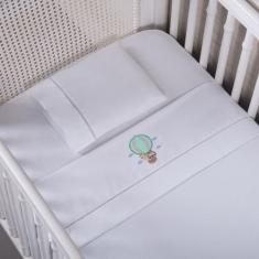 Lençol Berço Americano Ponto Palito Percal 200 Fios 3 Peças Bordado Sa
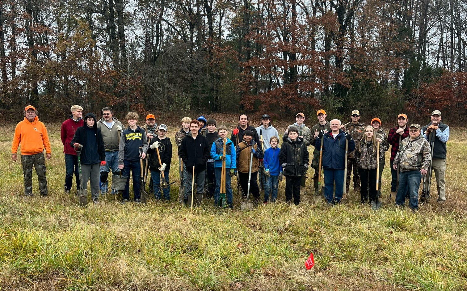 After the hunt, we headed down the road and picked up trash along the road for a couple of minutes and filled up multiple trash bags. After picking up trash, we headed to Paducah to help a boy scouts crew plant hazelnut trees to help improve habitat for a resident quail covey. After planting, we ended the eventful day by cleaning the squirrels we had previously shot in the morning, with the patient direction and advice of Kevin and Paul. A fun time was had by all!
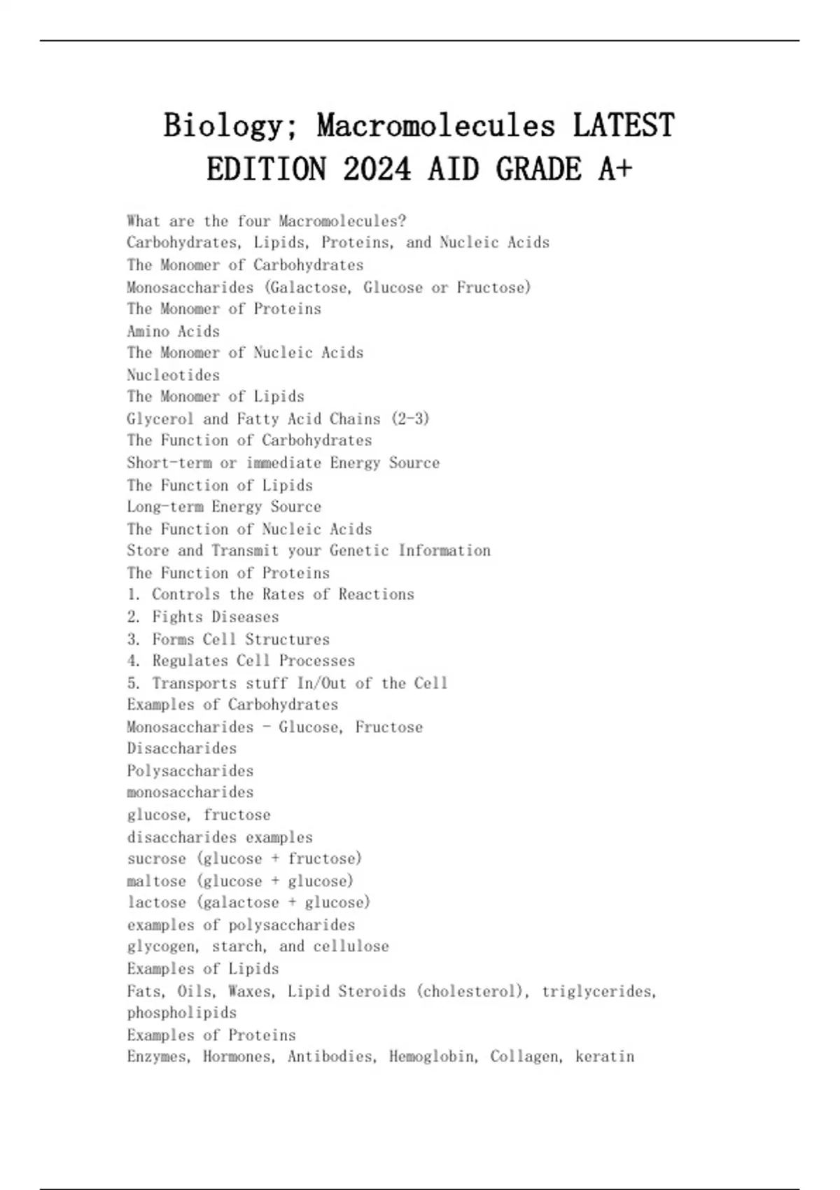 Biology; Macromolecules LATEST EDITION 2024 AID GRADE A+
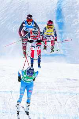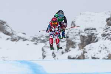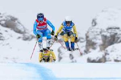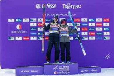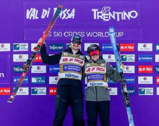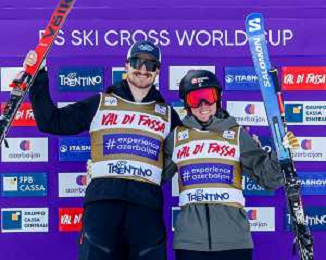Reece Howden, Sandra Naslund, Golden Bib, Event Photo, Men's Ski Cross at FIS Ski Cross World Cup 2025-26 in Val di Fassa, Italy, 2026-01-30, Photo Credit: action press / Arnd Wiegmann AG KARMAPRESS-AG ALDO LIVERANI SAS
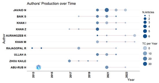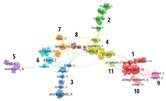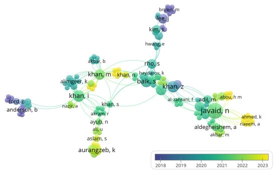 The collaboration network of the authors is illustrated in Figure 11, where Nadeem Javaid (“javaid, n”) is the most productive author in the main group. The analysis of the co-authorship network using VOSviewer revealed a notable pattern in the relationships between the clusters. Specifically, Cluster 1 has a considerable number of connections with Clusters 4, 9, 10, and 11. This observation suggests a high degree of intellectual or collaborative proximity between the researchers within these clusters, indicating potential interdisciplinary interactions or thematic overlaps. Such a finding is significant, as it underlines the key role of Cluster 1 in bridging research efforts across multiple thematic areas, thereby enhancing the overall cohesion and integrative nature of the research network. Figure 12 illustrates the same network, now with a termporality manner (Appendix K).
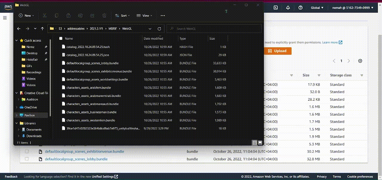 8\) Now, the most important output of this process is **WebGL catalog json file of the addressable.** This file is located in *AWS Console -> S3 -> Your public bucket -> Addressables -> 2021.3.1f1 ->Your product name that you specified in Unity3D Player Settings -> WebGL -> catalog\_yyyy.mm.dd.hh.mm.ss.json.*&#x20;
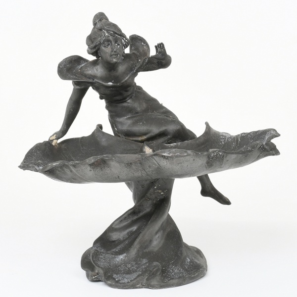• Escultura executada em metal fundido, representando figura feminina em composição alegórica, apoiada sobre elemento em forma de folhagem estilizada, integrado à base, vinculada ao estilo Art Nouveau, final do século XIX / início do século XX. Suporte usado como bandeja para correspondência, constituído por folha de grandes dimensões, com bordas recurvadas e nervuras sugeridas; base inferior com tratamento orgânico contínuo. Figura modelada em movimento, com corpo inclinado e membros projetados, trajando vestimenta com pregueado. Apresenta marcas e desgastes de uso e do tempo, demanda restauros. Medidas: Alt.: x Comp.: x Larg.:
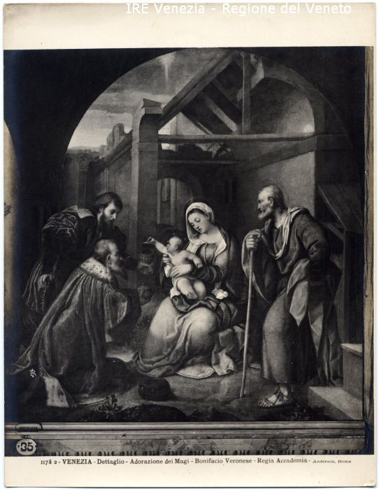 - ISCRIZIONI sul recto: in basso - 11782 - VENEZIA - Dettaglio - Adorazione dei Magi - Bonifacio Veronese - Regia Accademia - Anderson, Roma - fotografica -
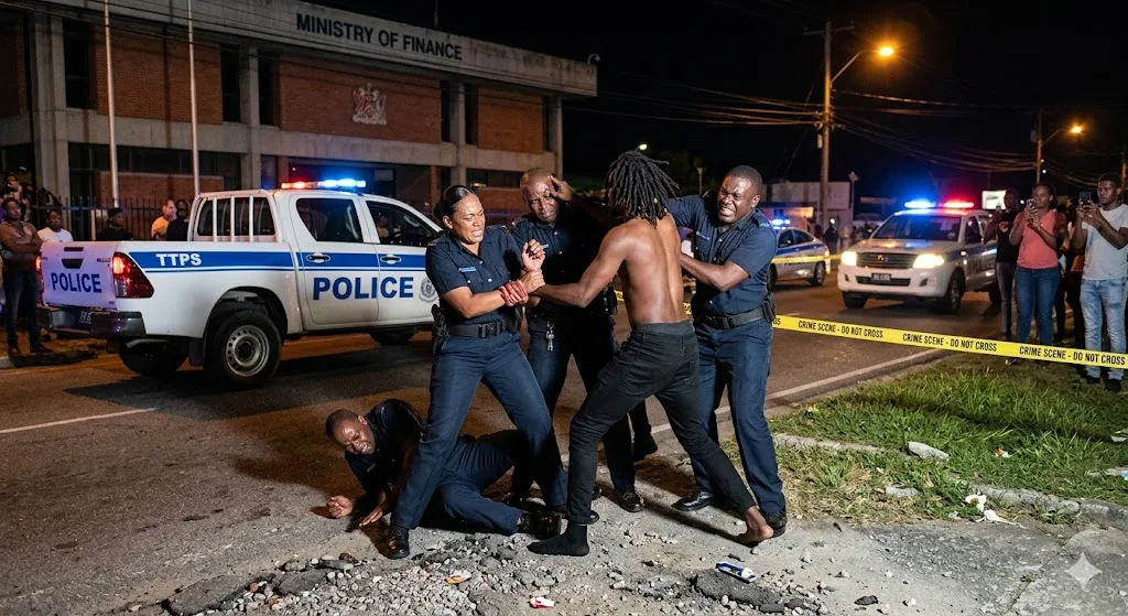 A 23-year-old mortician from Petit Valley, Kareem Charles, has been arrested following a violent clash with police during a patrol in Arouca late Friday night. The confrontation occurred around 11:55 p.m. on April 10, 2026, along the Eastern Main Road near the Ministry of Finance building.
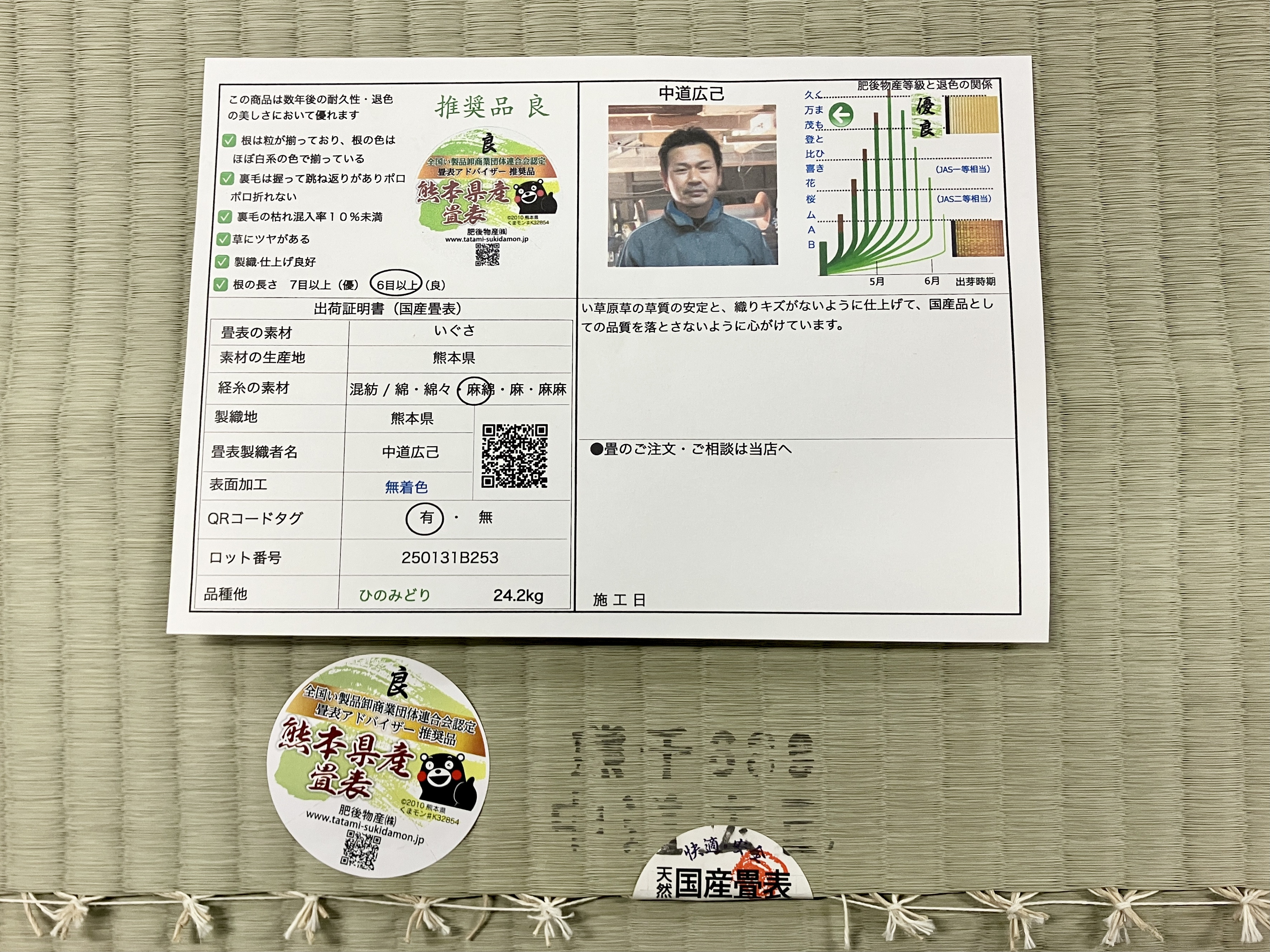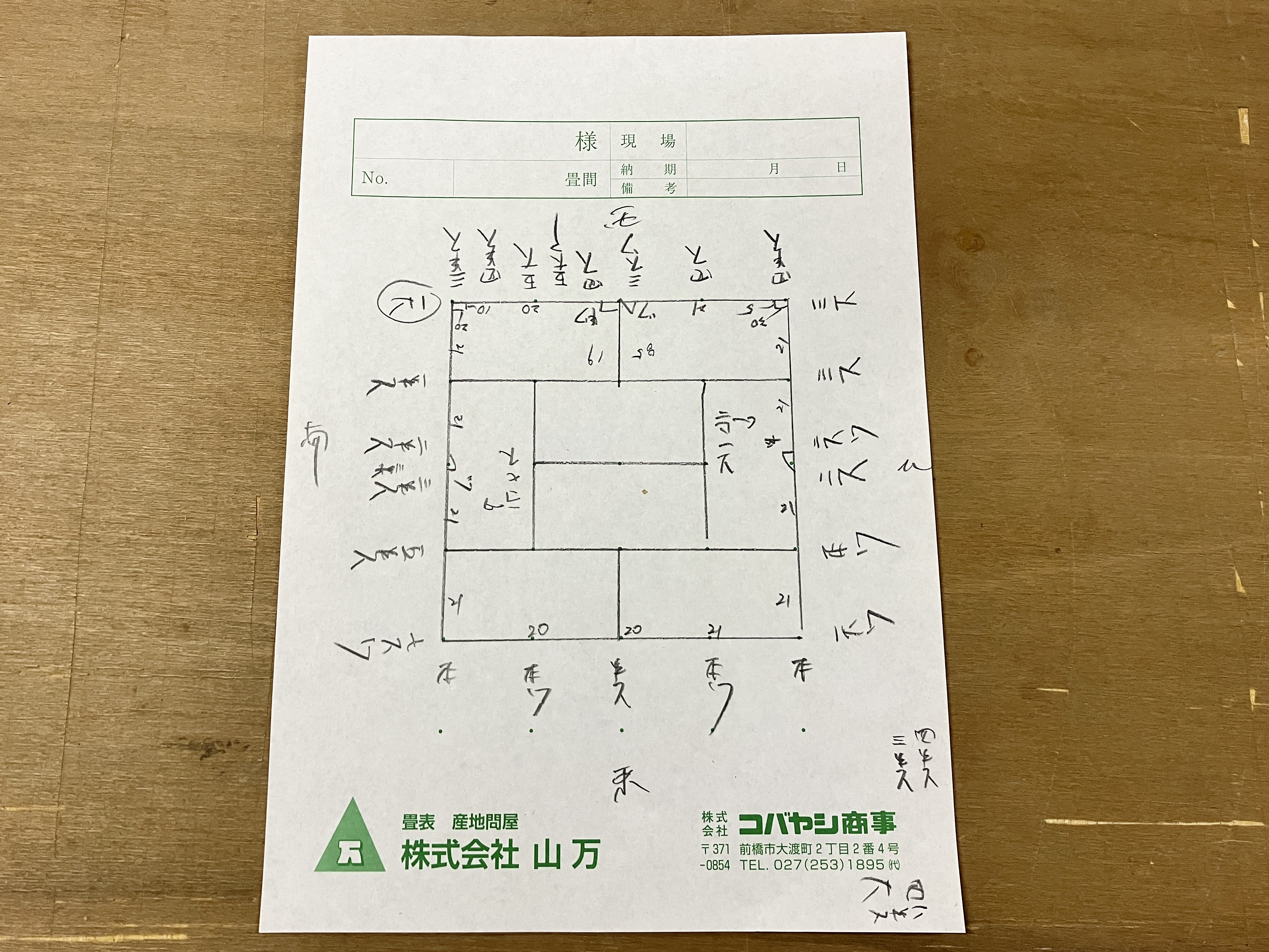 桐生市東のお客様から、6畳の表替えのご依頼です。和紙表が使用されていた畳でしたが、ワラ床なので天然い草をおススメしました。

•••

Copy each of the entries above precisely, and drop whatever pictures they hold.

ANSWER BOX
 Lençol Berço Americano Ponto Palito Percal 200 Fios 3 Peças Bordado Sa
 After the hunt, we headed down the road and picked up trash along the road for a couple of minutes and filled up multiple trash bags. After picking up trash, we headed to Paducah to help a boy scouts crew plant hazelnut trees to help improve habitat for a resident quail covey. After planting, we ended the eventful day by cleaning the squirrels we had previously shot in the morning, with the patient direction and advice of Kevin and Paul. A fun time was had by all!
 Biology; Macromolecules LATEST EDITION 2024 AID GRADE A+
Reece Howden, Sandra Naslund, Golden Bib, Event Photo, Men's Ski Cross at FIS Ski Cross World Cup 2025-26 in Val di Fassa, Italy, 2026-01-30, Photo Credit: action press / Arnd Wiegmann AG KARMAPRESS-AG ALDO LIVERANI SAS
 The collaboration network of the authors is illustrated in Figure 11, where Nadeem Javaid (“javaid, n”) is the most productive author in the main group. The analysis of the co-authorship network using VOSviewer revealed a notable pattern in the relationships between the clusters. Specifically, Cluster 1 has a considerable number of connections with Clusters 4, 9, 10, and 11. This observation suggests a high degree of intellectual or collaborative proximity between the researchers within these clusters, indicating potential interdisciplinary interactions or thematic overlaps. Such a finding is significant, as it underlines the key role of Cluster 1 in bridging research efforts across multiple thematic areas, thereby enhancing the overall cohesion and integrative nature of the research network. Figure 12 illustrates the same network, now with a termporality manner (Appendix K).
 8\) Now, the most important output of this process is **WebGL catalog json file of the addressable.** This file is located in *AWS Console -> S3 -> Your public bucket -> Addressables -> 2021.3.1f1 ->Your product name that you specified in Unity3D Player Settings -> WebGL -> catalog\_yyyy.mm.dd.hh.mm.ss.json.*&#x20;
• Escultura executada em metal fundido, representando figura feminina em composição alegórica, apoiada sobre elemento em forma de folhagem estilizada, integrado à base, vinculada ao estilo Art Nouveau, final do século XIX / início do século XX. Suporte usado como bandeja para correspondência, constituído por folha de grandes dimensões, com bordas recurvadas e nervuras sugeridas; base inferior com tratamento orgânico contínuo. Figura modelada em movimento, com corpo inclinado e membros projetados, trajando vestimenta com pregueado. Apresenta marcas e desgastes de uso e do tempo, demanda restauros. Medidas: Alt.: x Comp.: x Larg.:
 - ISCRIZIONI sul recto: in basso - 11782 - VENEZIA - Dettaglio - Adorazione dei Magi - Bonifacio Veronese - Regia Accademia - Anderson, Roma - fotografica -
 A 23-year-old mortician from Petit Valley, Kareem Charles, has been arrested following a violent clash with police during a patrol in Arouca late Friday night. The confrontation occurred around 11:55 p.m. on April 10, 2026, along the Eastern Main Road near the Ministry of Finance building.
 桐生市東のお客様から、6畳の表替えのご依頼です。和紙表が使用されていた畳でしたが、ワラ床なので天然い草をおススメしました。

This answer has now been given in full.